Звук разбитого стекла расколол тишину квартиры, когда я заметил его за приоткрытой дверью. Поначалу не поверил глазам: кто-то чужой и в то же время до боли знакомый возник на пороге, будто эмиссар старых обид. Я машинально сжал кулаки, но он только покачал головой, словно призрак, призванный напомнить о событиях, которые мне хотелось вычеркнуть из памяти.
Каждый угол моей небольшой студии хранил следы того, кем я хотел стать и кем не стал. Пыль осела на мольберт, оставшийся без дела несколько месяцев подряд. Черновые наброски валялись возле дивана, но никто не догадался бы, что когда-то я относился к ним как к единственному шансу выжить и не сойти с ума. Я медленно отступил от двери и увидел, как мужчина за порогом провёл ладонью по косяку, будто приглашал меня к разговору, от которого болит сердце.
Он не был тем самым желанным гостем, который приносят мир или радостную весть о чьём-то выздоровлении. Нет. Он был символом муки, в которой я когда-то булькал, будто в неизбежном болоте.
Пару недель назад я получил сообщение от бабушки о том, что её здоровье пошатнулось. Тряслись руки, когда читал короткие строчки: никаких подробностей, только констатация факта. Я пролистал в уме все отговорки, чтобы не ехать к ней, но потом вспомнил последние разговоры, пропитанные тоской по тем временам, когда мы все были одной семьёй. И понял: если сейчас не сделать шаг навстречу, то уже не сделаю никогда.

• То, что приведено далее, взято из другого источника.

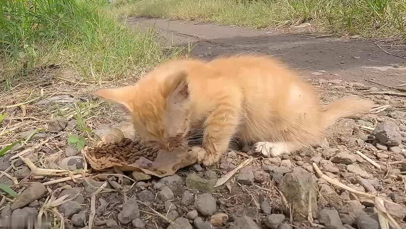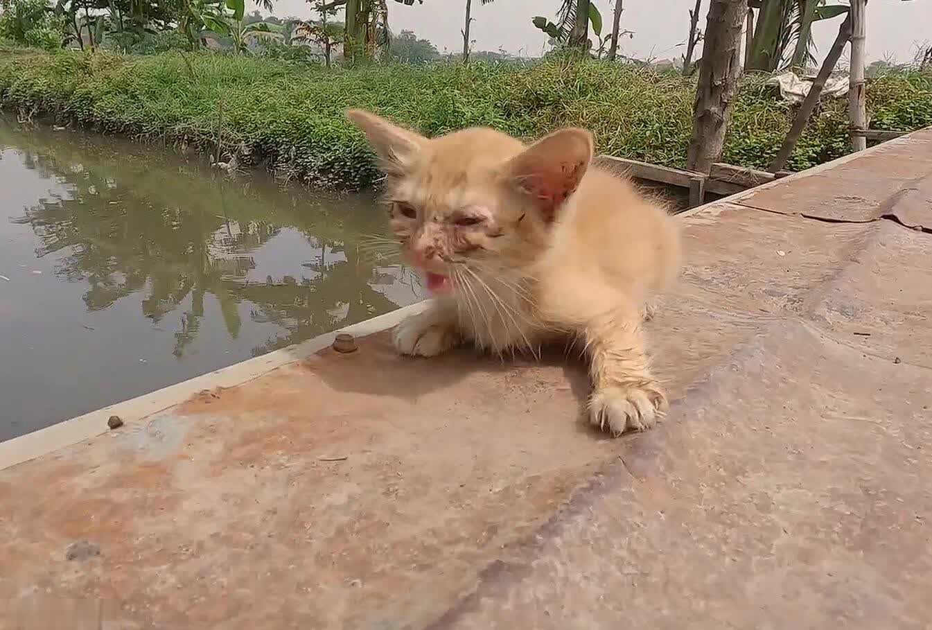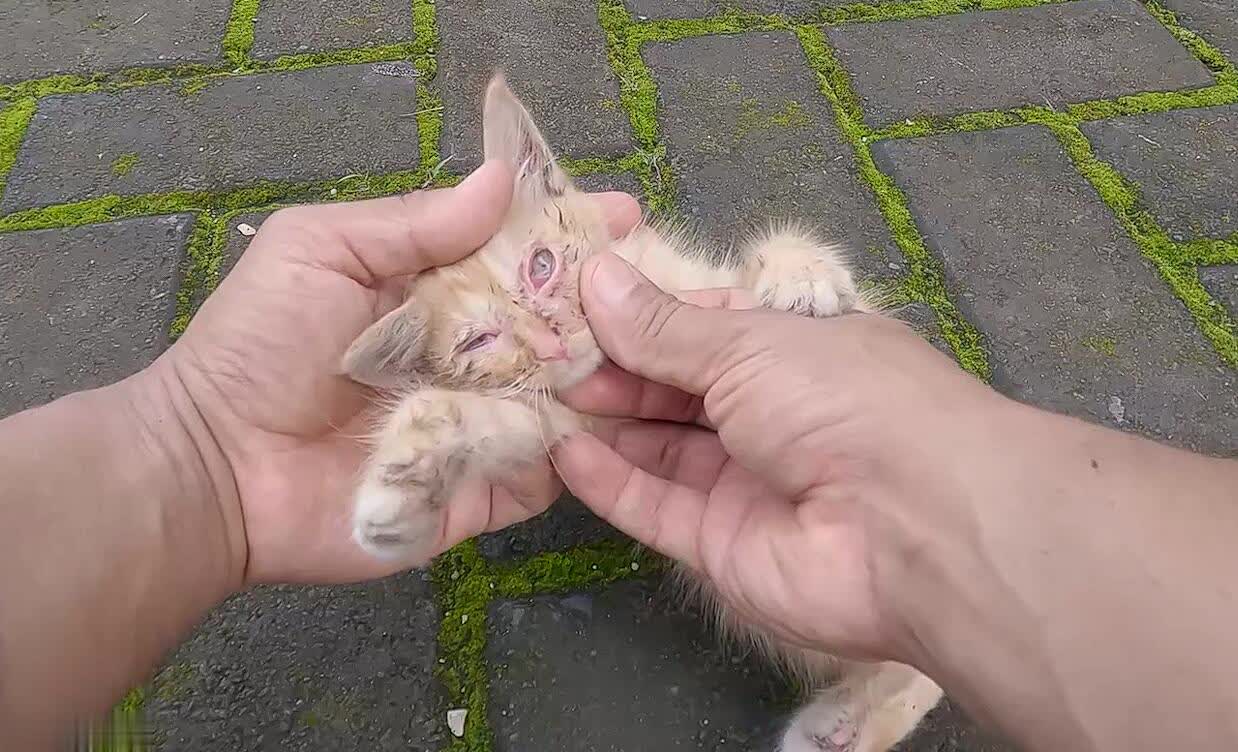 网友发现这只猫时,它正孤零零地趴在水坑边。它太小了,甚至还不到完全断奶的年纪,一双还没有彻底睁开的眼睛在灰尘与水汽中闪烁着——不是锋利,而是期盼。

Почему-то всплыло лицо моей матери. Она бросила меня и бабушку, когда я был подростком, а потом вернулась на какое-то время, словно ничего не произошло. Снова уехала, снова написала пару писем… и затихла. Я воспитывал в себе стойкую неприязнь к тому, что она называла жизненными выборами. И теперь, стоя перед оставленным на пороге мужчиной, словно видел в его фигуре все прошлое, которое так и не отболело.
— Чего ты хочешь? — тихо спросил я.
— Мне нужно поговорить, — ответил он, и голос звучал слишком спокойно, почти безразлично.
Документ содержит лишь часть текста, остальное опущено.